Unanimously adopting resolution 1801 (2008) and acting under Chapter VII of the United Nations Charter, the Council authorized AMISOM to take all necessary measures, as appropriate, to carry out its mandate, as set out in resolution 1772 (2007) (see Press Release SC/9101), underlining that the Mission could take all necessary measures to provide security for key infrastructure and to contribute to the creation of the necessary security conditions for the provision of humanitarian assistance.

By the text, the Council reaffirmed its intention to take measures against those who sought to prevent or block a peaceful political process, or those who threatened the Transitional Federal Institutions or AMISOM by force, or took action that would undermine stability in Somalia or the region.

The Council also affirmed its intention to meet promptly following the Secretary-General’s report, expected for 10 March, which would offer specific options and recommendations to strengthen the ability of the United Nations Political Office in Somalia (UNPOS), to support further the full deployment of AMISOM, and to prepare for the possible deployment of a United Nations peacekeeping force to succeed AMISOM.

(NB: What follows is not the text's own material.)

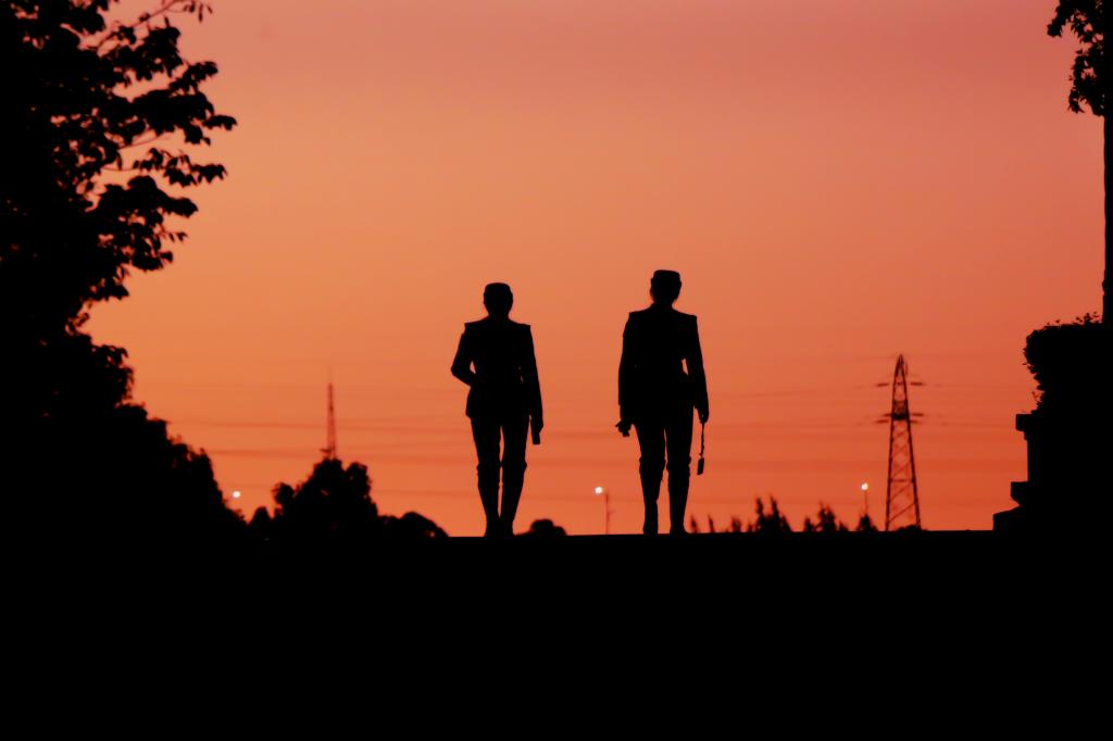 日落黄昏,华灯初上,灯光如星,两人成影。
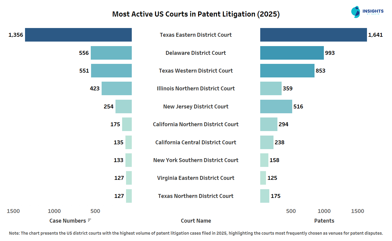 Overall, US patent litigation shows a two-tier system: high-volume, lower-complexity cases in EDTX and WDTX, and lower-volume, higher-complexity disputes in Delaware and similar courts.

Emphasizing the continued contribution made to Somalia’s peace and security by the arms embargo imposed by resolution 733 (1992) and subsequent amendments, the Council demanded that all Member States comply fully with it. It encouraged Member States whose naval vessels and military aircraft operate in international waters and airspace adjacent to Somalia’s coast to be vigilant to piracy and to take appropriate action to protect merchant shipping, especially concerning the transportation of humanitarian aid. It welcomed the contribution made by France to protect World Food Programme (WFP) naval convoys and the support now provided by Denmark.

After the vote, South Africa’s representative said his delegation had voted in favour, even though it would have preferred that the Council had deferred taking a decision until the requested report of the Secretary-General had been received. A compromise had been accepted, by which the Council would consider the matter immediately after receipt of the report. The Secretary-General’s report would provide the Council with alternative approaches to the issue of Somalia. The Council had to demonstrate that its mandate to maintain international peace and security applied to Somalia, as well.

He said AMISOM had been doing a great job, despite its capacity challenges. Lack of capacity, however, was not the only problem AMISOM confronted. Another problem was that AMISOM had been deployed as a stop-gap mission until the United Nations could take over. The international community must provide AMISOM not only with the necessary resources, it also had the obligation to support the political process necessary for bringing peace and stability to the country.[1]